All you need to do is change your last for to an if :

c = [(x,y,z) for x in a for y in b for z in a if x != z]

Answer 4

Just for the sake of variety, I would like to add the following solution that is based on itertools.product and circumvents the if check.
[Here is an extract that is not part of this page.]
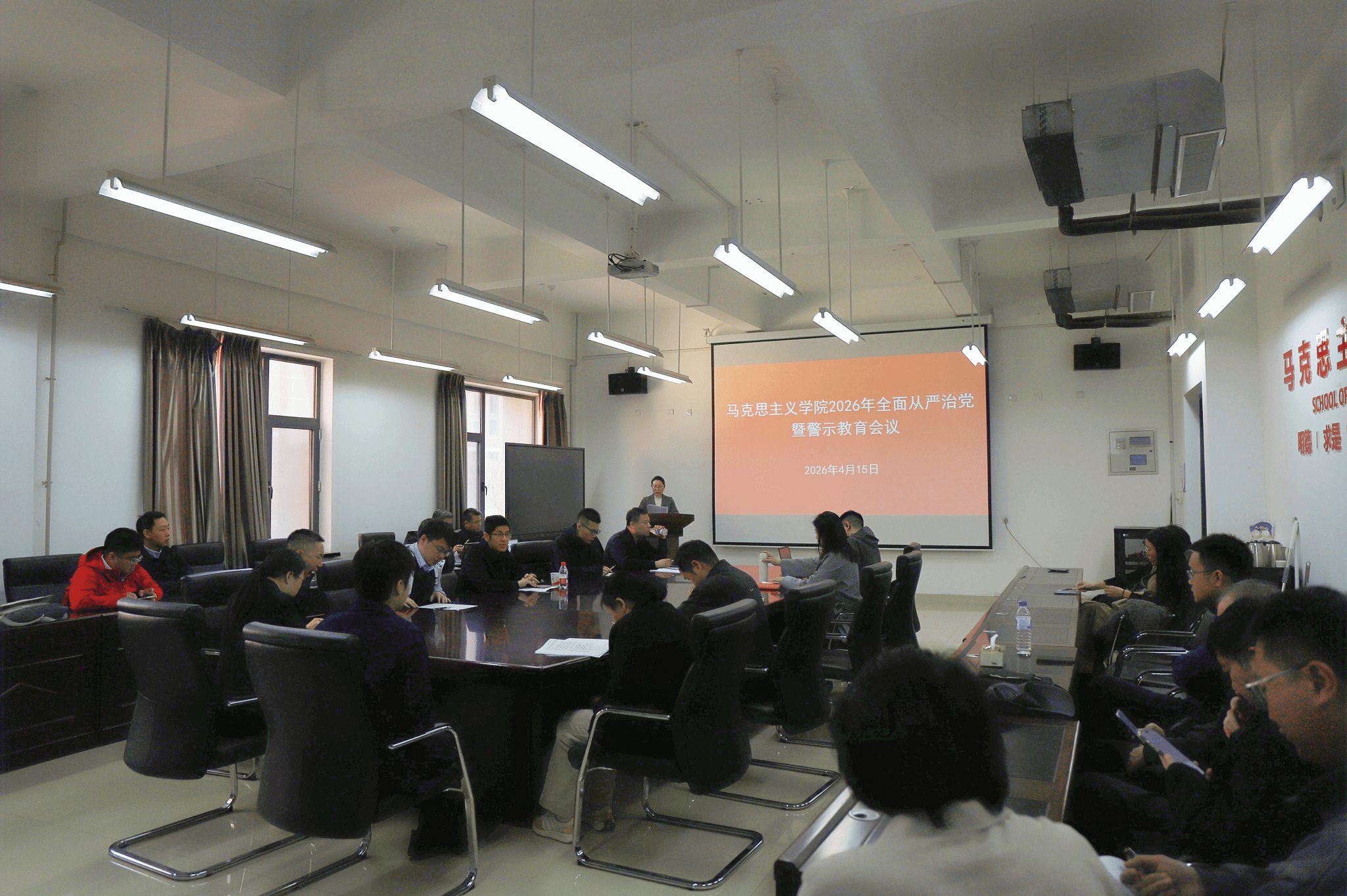 4月15日,马克思主义学院在浑南校区文管学馆A217室召开2026年全面从严治党暨警示教育会议。学院领导班子成员及全体党员干部参加会议,党委副书记、副院长(兼)王寰主持会议。

from itertools import product
a = [1,2,3,4]
b = [2,4,6]

c = []
for i, item in enumerate(a):
    c.extend((item, x, y) for x, y in product(b, a[:i] + a[i+1:]))
print(c)

producing:

[(1, 2, 2), (1, 2, 3), (1, 2, 4), (1, 4, 2), (1, 4, 3), (1, 4, 4), (1, 6, 2), (1, 6, 3), (1, 6, 4), (2, 2, 1), (2, 2, 3), (2, 2, 4), (2, 4, 1), (2, 4, 3), (2, 4, 4), (2, 6, 1), (2, 6, 3), (2, 6, 4), (3, 2, 1), (3, 2, 2), (3, 2, 4), (3, 4, 1), (3, 4, 2), (3, 4, 4), (3, 6, 1), (3, 6, 2), (3, 6, 4), (4, 2, 1), (4, 2, 2), (4, 2, 3), (4, 4, 1), (4, 4, 2), (4, 4, 3), (4, 6, 1), (4, 6, 2), (4, 6, 3)]

---

I did some timings too to compare the different approaches using:

from timeit import timeit

setup = '''

from itertools import product


def list_comp(a, b):
    return [(x,y,z) for x in a for y in b for z in a if x != z]


def itertools_listComp(a, b):
    return [(x,y,z) for x, y, z in product(a, b, a) if x !=z]
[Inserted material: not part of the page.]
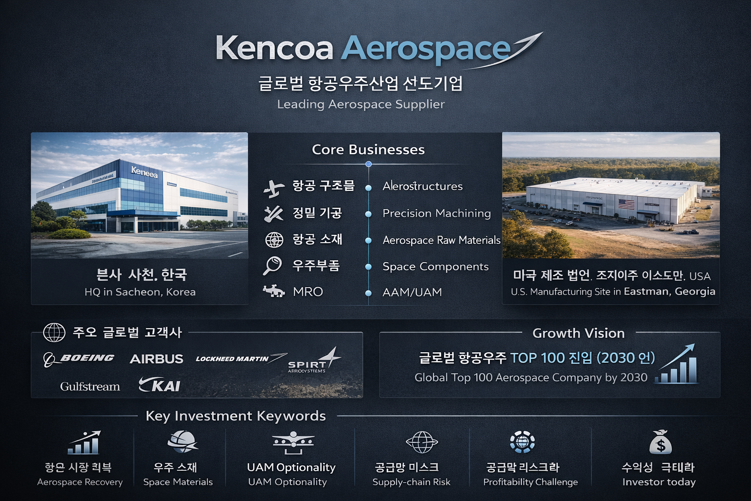 | 켄코아 | 항공구조물·정밀가공·원소재·우주·MRO 복합형 | 미국 생산거점, 글로벌 고객 다변화, 우주/AAM 옵션 | 적자 변동성, 규모의 경제 부족 |

def itertools_forLoop(a, b):
    c = []
    for i, item in enumerate(a):
        c.extend((item, x, y) for x, y in product(b, a[:i] + a[i + 1:]))
    return c

a = [1, 2, 3, 4]
b = [2, 4, 6]
'''

print('list_comp:', timeit(stmt="list_comp(a, b)", setup=setup, number=1000))
print('itertools_forLoop:', timeit(stmt="itertools_forLoop(a, b)", setup=setup, number=1000))
print('itertools_listComp:', timeit(stmt="itertools_listComp(a, b)", setup=setup, number=1000))

and the results are:

list_comp:          0.0050
itertools_listComp: 0.0056
itertools_forLoop:  0.0086

So it seems that the plain list comprehension is the fastest. This behavior persists with bigger a lists too.